El atractivo de esta palabra es especialmente de orden filosófico: es extraordinario el principio de la universalidad. Estamos en un mundo de universos de universos de universos... Dos células se juntan para formar entre las dos un ser vivo. He ahí una primera universión, una conversión en uno. Este ser vivo se agrupa con otros para formar un órgano; los órganos, el cuerpo; los individuos se unen para formar el grupo; la unión de todos los grupos forma la especie; ésta, unida a otras, forma un ecosistema; el ecosistema, junto con los demás ecosistemas, se une bajo el nombre de biosfera ; ésta con todos los demás elementos de la tierra que hacen posible la vida, forma la totalidad del planeta Tierra ; ésta con el Sol y con los demás planetas, forma el sistema solar; los soles con sus planetas se unen o los unimos a otras estrellas y formamos con ellas una constelación, y otra, y otra; y todas las constelaciones juntas forman galaxias, y nebulosas, y el universo. Esa es la forma de mirar el mundo que llevó a llamarlo universo.
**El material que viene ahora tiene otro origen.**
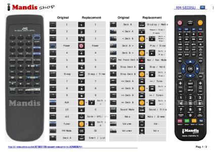 Below, we will show you the correspondence between each button on the original remote control and the button that performs the same function on the replacement remote control. In some cases, you may need to press the SHIFT key before pressing another button to perform certain actions. These additional functions are often not widely used and are included to facilitate understanding of the replacement remote control, or because the original remote control has more buttons than its equivalent.

La visión es extraordinariamente clara. Es difícil una concepción más simple de algo tan complicado. Y también lo es la palabra, cuyo alcance es fácil de captar. Está formada por unus, una, unum, que en latín nunca tiene el valor de artículo indeterminado que nosotros le damos a este adjetivo numeral, sino que tiene tan sólo el valor de uno por oposición a muchos, único; más el adjetivo verbal versus, versa versum, procedente de verto, vértere, verti, versum. El significado original, que luego se amplía por vía metafórica, es el de volver, dar vueltas, girar. Se trata por tanto de un verbo de movimiento, no descriptivo ni estático. Una vertiente no es la parte que mira hacia un lado u otro, sino la que vierte las aguas en esa dirección. Avertere, advertere, invertere, convertere, revertere, subvertere son compuestos que mantienen el significado de orientarse a, girar, remover, darle la vuelta a algo. En la familia de vertere tenemos también vertex, vérticis, que será nuestro vértice, cuyo significado primero es el de torbellino (algo que gira) de agua, de viento, e incluso los de la coronilla. Verticinosus y vertiginosus, que en latín es el que padece vértigo (de vertigino, vertiginare, que es girar, dar vueltas sobre sí mismo). Vertigo, vertíginis, que es el movimiento de rotación, el movimiento circular y por extensión cualquier cambio en que se da la vuelta a la situación: revuelta, revolución; y también vértigo, que es el único significado que hemos conservado.

Está claro, pues, que al elegir nuestros antepasados el nombre de universo para denominar la totalidad de lo que somos capaces de percibir e intuir, quisieron que se trasluciese con claridad la idea de que todas las cosas, desde las más pequeñas a las más grandes tienden a cohesionarse, van dando vueltas para estar siempre en el lugar que les corresponde como parte de la unidad y globalidad de la que forman parte. Que todo, absolutamente todo, se mueve hacia la cohesión, y no hacia la disgregación (en la mayoría de disciplinas, empezando por la astronomía, es evidente). Del universo hemos sacado el concepto de universalidad y también el de universidad. Pero éste será tema de otro artículo.